In the Figures, like reference numbers denote like parts. Electromagnetic scattering is a known process by which electromagnetic radiation, including light, is scattered by a small spherical volume of different refractive index from the surrounding medium, such as a particle, bubble, droplet, or even a density fluctuation. For Rayleigh's scattering model, the spherical volume must be much smaller in diameter than a wavelength of the scattered wave. In contrast to Rayleigh scattering, the Mie solution to the scattering problem is valid for all possible ratios of diameter to wavelength, although the technique requires numerical summation of infinite sums. Multiple elastic scattering of laser light in a medium containing a large number of nanoparticles destroys both spatial and temporal coherence of the laser light. At the spatial level, the multiplicity of short and long paths and the multiplicity of directions that light can take before exiting a medium induces multiple random interferences and therefore significantly reduces the coherence volume. This random interference could be speckle grain pattern. Therefore, less angle diversification is needed, in comparison to classical diffusers. At the temporal level, phase and time retardation induced by the scattering process decreases the coherence time of the incident beam and therefore reduces contrast of residual perceptual speckle. In other words, fewer photons have a same phase in an Airy disc, and therefore residual subjective speckle contrast is much lower. Scattering by nanoparticles provides a combination of a smaller coherence volume and a smaller coherence time and therefore large delays between wavefront trains. It will be understood that by "nanoparticles" are to be understood particles with sizes ranging from 1 nanometre to 10 microns in size. Therefore, speckle present in an image displayed by a laser light projector has much less observable speckle following such scattering. Vibration of the optical elements modifies a residual speckle pattern and therefore is able to remove perceived residual speckle.

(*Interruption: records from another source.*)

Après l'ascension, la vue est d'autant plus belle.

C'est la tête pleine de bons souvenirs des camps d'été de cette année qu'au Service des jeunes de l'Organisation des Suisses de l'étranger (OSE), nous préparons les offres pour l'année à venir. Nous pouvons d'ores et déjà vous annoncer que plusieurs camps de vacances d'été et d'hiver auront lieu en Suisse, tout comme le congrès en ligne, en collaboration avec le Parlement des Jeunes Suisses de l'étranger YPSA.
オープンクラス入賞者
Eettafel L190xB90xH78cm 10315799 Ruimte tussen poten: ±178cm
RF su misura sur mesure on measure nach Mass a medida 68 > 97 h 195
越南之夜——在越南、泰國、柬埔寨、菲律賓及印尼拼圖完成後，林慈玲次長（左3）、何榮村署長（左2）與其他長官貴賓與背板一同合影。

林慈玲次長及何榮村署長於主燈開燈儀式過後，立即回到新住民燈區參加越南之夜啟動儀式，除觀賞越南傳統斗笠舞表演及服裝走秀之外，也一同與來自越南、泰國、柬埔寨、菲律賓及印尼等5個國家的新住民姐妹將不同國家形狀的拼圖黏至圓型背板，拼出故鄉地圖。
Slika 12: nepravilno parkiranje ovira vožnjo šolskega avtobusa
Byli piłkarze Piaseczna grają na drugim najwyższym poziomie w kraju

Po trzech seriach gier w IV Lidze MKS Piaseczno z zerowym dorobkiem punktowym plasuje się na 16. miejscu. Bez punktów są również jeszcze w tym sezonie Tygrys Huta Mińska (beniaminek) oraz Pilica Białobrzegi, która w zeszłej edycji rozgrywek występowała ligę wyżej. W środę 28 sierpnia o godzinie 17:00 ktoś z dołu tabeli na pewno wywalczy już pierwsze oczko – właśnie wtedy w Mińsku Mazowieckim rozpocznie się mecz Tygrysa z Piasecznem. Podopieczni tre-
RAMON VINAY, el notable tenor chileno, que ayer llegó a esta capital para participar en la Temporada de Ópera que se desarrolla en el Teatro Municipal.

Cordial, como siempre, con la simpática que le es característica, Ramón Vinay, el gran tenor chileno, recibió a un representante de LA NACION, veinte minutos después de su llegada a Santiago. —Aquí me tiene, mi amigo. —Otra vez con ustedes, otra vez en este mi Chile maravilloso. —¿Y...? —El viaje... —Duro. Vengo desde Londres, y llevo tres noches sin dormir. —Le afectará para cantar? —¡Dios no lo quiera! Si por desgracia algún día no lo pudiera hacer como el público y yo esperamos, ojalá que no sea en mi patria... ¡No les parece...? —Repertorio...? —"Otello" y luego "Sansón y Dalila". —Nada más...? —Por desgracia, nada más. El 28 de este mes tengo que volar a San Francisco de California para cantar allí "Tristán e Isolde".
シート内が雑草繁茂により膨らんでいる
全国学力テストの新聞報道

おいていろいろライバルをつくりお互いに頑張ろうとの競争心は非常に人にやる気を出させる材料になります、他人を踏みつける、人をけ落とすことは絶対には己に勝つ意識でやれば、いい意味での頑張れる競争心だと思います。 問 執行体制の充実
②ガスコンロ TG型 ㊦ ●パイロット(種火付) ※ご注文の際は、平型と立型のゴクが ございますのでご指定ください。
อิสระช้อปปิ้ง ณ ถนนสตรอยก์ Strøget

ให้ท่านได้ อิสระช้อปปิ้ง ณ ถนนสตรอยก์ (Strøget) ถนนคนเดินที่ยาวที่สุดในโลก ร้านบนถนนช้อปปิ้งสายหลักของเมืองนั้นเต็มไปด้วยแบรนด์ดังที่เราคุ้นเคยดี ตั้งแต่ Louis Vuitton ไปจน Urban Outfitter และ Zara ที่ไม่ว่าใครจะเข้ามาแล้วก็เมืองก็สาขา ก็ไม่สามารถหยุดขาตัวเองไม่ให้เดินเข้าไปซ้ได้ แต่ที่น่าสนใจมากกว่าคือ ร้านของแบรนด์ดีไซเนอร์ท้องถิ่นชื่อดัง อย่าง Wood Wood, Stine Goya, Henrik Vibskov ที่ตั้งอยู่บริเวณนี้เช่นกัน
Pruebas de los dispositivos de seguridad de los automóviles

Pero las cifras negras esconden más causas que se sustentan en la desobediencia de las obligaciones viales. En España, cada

Figure 2 shows results of simulation and measurement of light distribution in a light engine for different shapes of light tunnel homogeniser: a converging light tunnel 21 with circular cross-section in the top row, a diverging light tunnel 22 with circular cross-section in the middle row, and a light tunnel 23 with rectangular cross-section in the bottom row. A cone angle of a light source 20 at the entrance of the light tunnel is 30 degrees in the schematic diagram of Figure 3. In practice this may be any angle from 0 to 90 degrees.

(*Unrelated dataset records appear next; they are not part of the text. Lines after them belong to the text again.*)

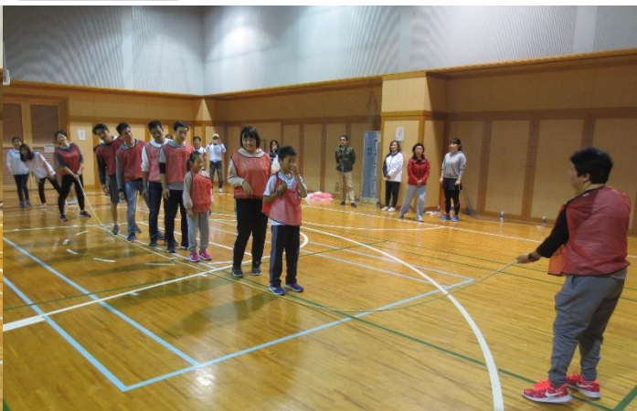
チームメイトを信じてジャンプ、ジャンプ！

今回の運動会は、例年に比べて参加者が少なかったようですが、紅白に分かれた学習者たちは国や年齢など関係なく一丸となって各競技に挑みました。障害物競走や玉入れ、リレーなど大いに盛り上がり、特にリレーでは白熱した戦いが繰り広げられました。転倒者が出るハプニングもありましたが、大事に至らず安心しました。また、人数の関係で急きよ私も参加することになり、久しぶりに全力疾走しました…。
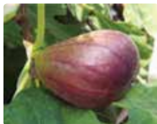
شکل ۶-۶ انجیر (اول)
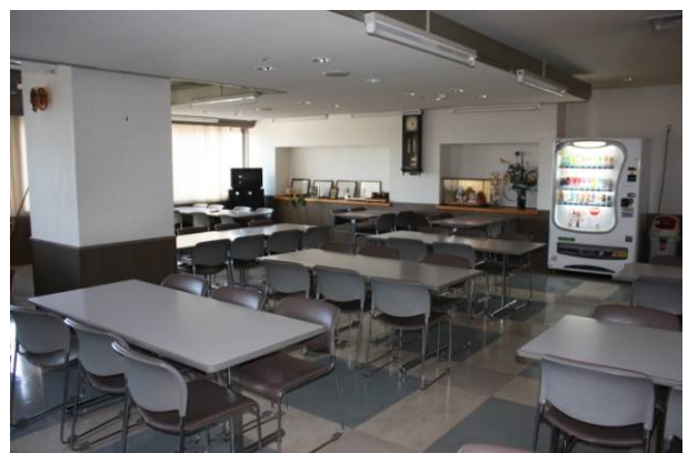
職員用休憩室。食事はここで。
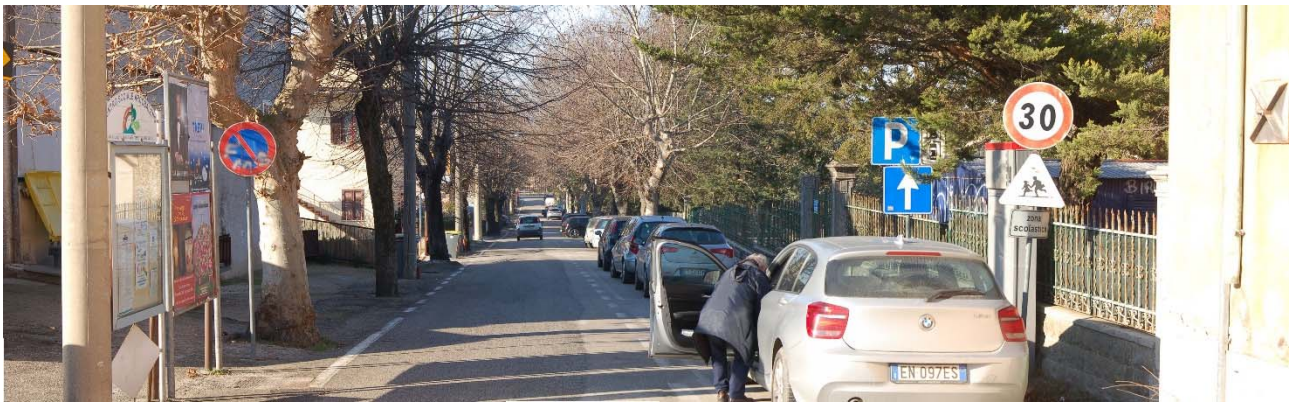
Foto n. 9 – Veduta a visuale ampia dalla sezione di monte del Viale della Stazione. Nonostante la perdita del fogliame delle alberature di platano, l’area d’intervento e gli edifici che vi insistono non sono visibili. Data scatto: 05.01.2019
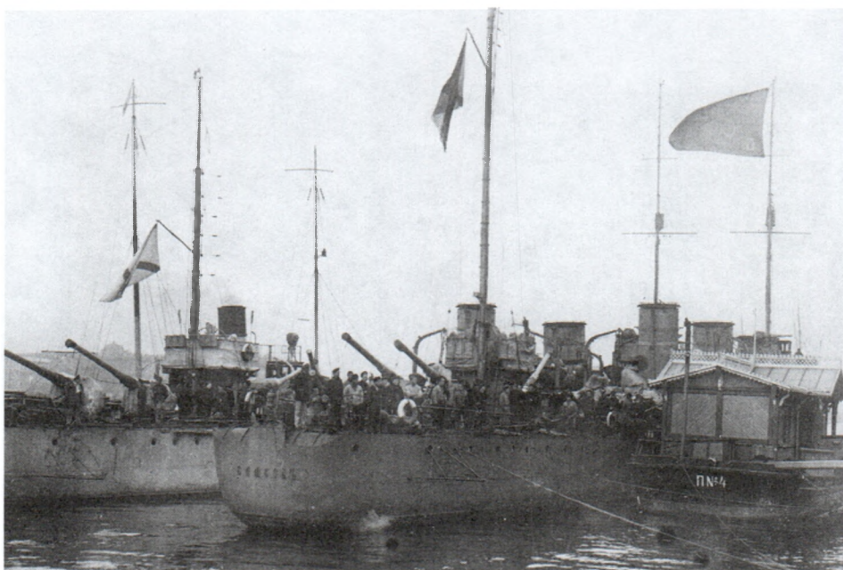
«Самсон» и «Забияка» на Неве. 26 октября (8 ноября н. ст.) 1917 г. И.С.Кобозев

A light tunnel 21, 22 can have a converging or diverging shape as shown in the upper and middle rows of Figure 2 respectively, a converging light tunnel 21 increases a numerical aperture (NA) of a light beam 210 at an exit of the tunnel 21. As shown in the middle row, a diverging tunnel 22 decreases the numerical aperture of the light beam 220 at an exit of the tunnel 22. A tunnel 23 with parallel faces as shown in the lower row does not change the numerical aperture of the emergent beam 230. An optimal orientation of the tunnel allows a significant reduction in the numerical aperture of the light beam. This feature may be used to collect light from a high numerical aperture fibre or from a diffusing or scattering element in order to create a less divergent beam that is easier to focus on a micro display and to get through the projection lens. The graph of Figure 3 shows a maximum output angle 31 as a function of a tunnel angle when the input light illumination is 90 degrees. There is clearly an optimal tunnel angle 312, at approximately 6 degrees, which minimizes the output angle. This value will vary with a length of the tunnel and its cross section. Typically it may be between 4 degrees and 8 degrees.
A light tunnel can be used not only to collect a maximum amount of light produced by a high numerical aperture system and to decrease the numerical aperture of the light beam, but also to reduce or remove speckle, by introducing a diffusing or scattering element before or inside the light tunnel. The scattering or diffusing element as well as the multiple reflections of the light rays inside the tunnel induce a phase delay between the rays and therefore decrease the coherence volume and consequently speckle.
Finally, any vibration of a portion of the optical system with respect to remaining portions of the optical system, for example of the light tunnel, diffusers, coupling lens, rigid fold mirror or fibre, additionally reduces speckle by averaging the residual speckle patterns. Some systems according to the invention including a diffuser or scattering element inside a light pipe or tunnel integrator are presented and discussed below.
In a one embodiment shown in Figure 4a, a scattering element 411 is at a focal point of an ellipsoidal mirror 421. Light from an optical fibre 410 entering axially through a rear of the mirror is scattered by the scattering element 411, collected by the mirror 421 and focused into a light tunnel 431. The scattering element 411 has a mirror at its back side remote from the optical fibre so that light transmitted through the scattering element is reflected back towards the ellipsoidal mirror 421 and thereby focussed into the light tunnel 431.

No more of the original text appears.